Profesjonalny pokaz mody
Kolejny dzień w Mielnie również nie rozpieszczał uczestników marzących o karierze modeli. Wszyscy zostali dobrani w pary, a ich zadaniem była jak najlepsza prezentacja na wybiegu. Oczywiście organizatorzy pokazu mody zadbali o to, aby przed sceną pojawiła się publiczność, a za kulisami pracował sztab profesjonalistów . Niestety, nie wszyscy byli zadowoleni z współpracy z ekspertami. 20-letni gdynianin uznał, że nie odpowiadają mu kostiumy, jakie zostały wybrane dla niego przez stylistę. Stwierdził, że nie zamierza wyglądać jak pajac, a lepsze ubrania ma w swojej torbie. Ostatecznie na wybiegu pojawił się w stroju, który sam zaakceptował. Dostał jednak ostrzeżenie, że na tym etapie programu i swojej kariery nie ma prawa kaprysić i utrudniać swoim zachowaniem pracy innym. A jak wyglądały przygotowania pań? Równie nerwowo. Ciasne szpilki i "znikające" kreacje były na porządku dziennym.
- Stresowałam się zwłaszcza wymianą ubrań. Jedna dziewczyna miała moją suknię, druga moje buty - narzekała jedna z uczestniczek.
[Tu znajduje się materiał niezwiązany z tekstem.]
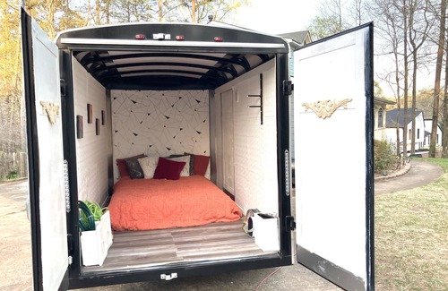 450- A LAKE VIEW with Showers, bathrooms, electric/water, stove burners, microwave, mini fridge and bed with linens other toiletries, wifi. For 450 per month rental unit. Month to month in Atlanta area. Custom made by designer.

Mimo że ostateczny pokaz nie przypominał rewii Victoria's Secret, to jurorom udało się wyłonić zwycięzcę. Został nim Michał Baryza. Uczestnik i jedna wybrana przez niego osoba (kolega Alan) w nagrodę spędzili nocleg w luksusowym apartamencie. Pozostali kandydaci wrócili na plażę.